Editorial
Los gobiernos, independientemente del nivel que sea, buscan que su administración herede un sello en las obras que se llevan a cabo en su comunidad. Por eso, remodelan, levantan calles, cambian lámparas, ponen y retiran plantas. Gastan, pues.
Y no está mal si la ciudad lo necesita. Las comunidades también requieren irse adecuando a las necesidades de sus habitantes y muchas veces son ellos los que van marcando la pauta. Y otras veces, son las autoridades quienes las inventan.
Y es esto último, precisamente, lo que viene a desmoronar esa intención del sello del Gobierno: una buena intención se convierte en una carga, por el derroche que un proyecto ha significado. Pero puede más el ego, que cualquier prudencia.
El próximo año, Sinaloa, así como el resto del País, celebrará elecciones para renovar a sus autoridades y representantes. Habrá de elegirse con criterios partidistas, si así lo desean, con criterios de conveniencia, cuando así obedece a la razón, o con un criterio razonado, cuando se piensa en la colectividad.

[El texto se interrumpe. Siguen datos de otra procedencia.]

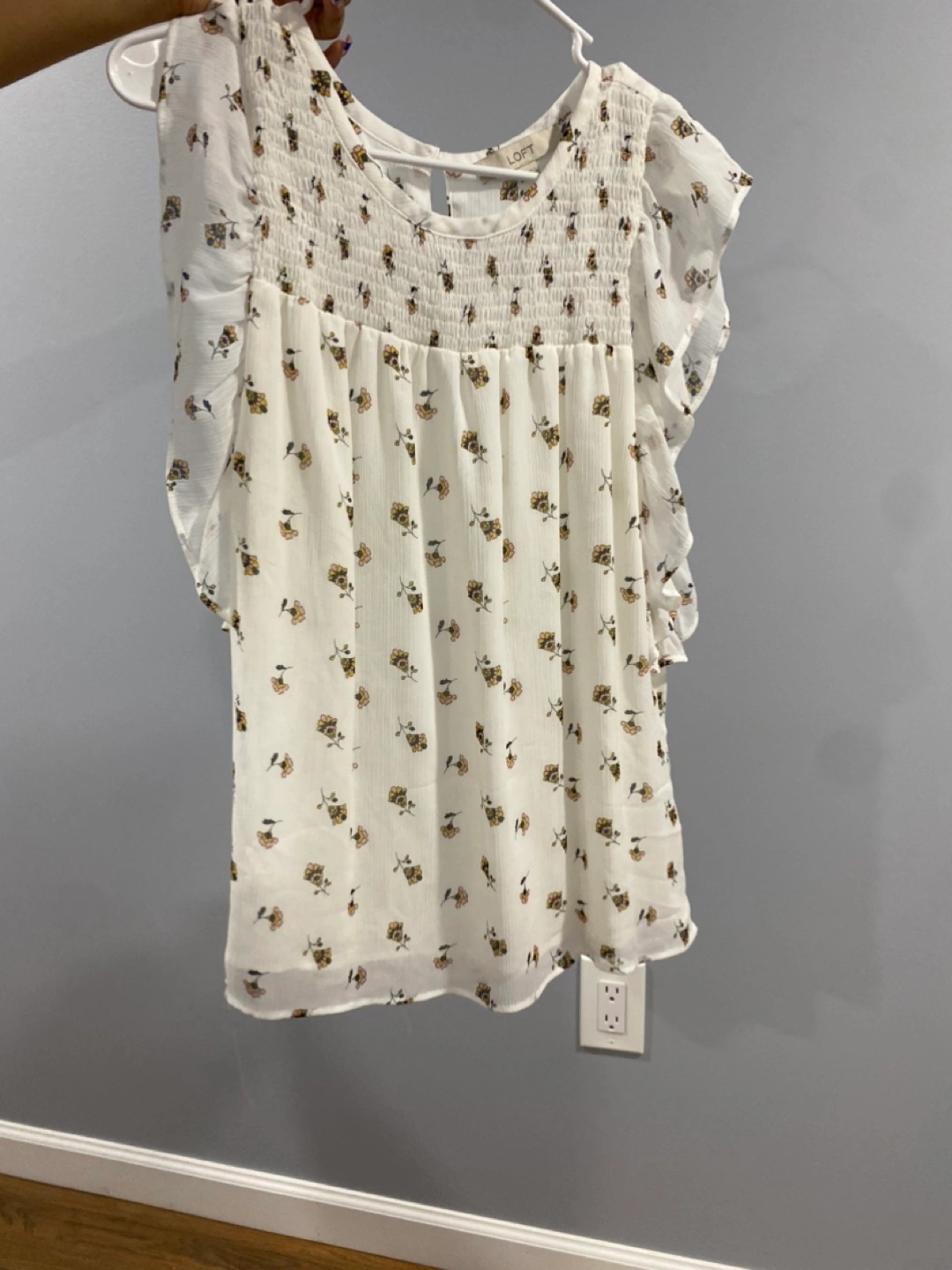 This is a LOFT floral smocked top. It's in great condition and features a cute floral pattern on a white background

Sin embargo, en los procesos electorales anteriores han sido escasas las alternativas que los contendientes ofrecen para razonar el voto y elegir la mejor opción.
La obra pública en las comunidades se sigue improvisando y más que atender proyectos de largo plazo, atienden a los deseos de quien gobierna.
Por eso, es que un color se cambia por otro, una planta sustituye a otra, un paseo cambia de imagen o a una calle se le inventa un defecto para cambiarla.
En lo que compete al caso de Sinaloa, el escenario ideal es que la obra pública empiece a atender las necesidades a largo plazo, que hagan a sus ciudades más habitables y que haya continuidad en los proyectos puestos en marcha.
Los partidos políticos podrían empezar por ahí con sus propuestas de gobierno. Luego los candidatos. Y claro, también los ciudadanos. Las ciudades ahorrarían mucho dinero. Y ese sello beneficiaría a todos.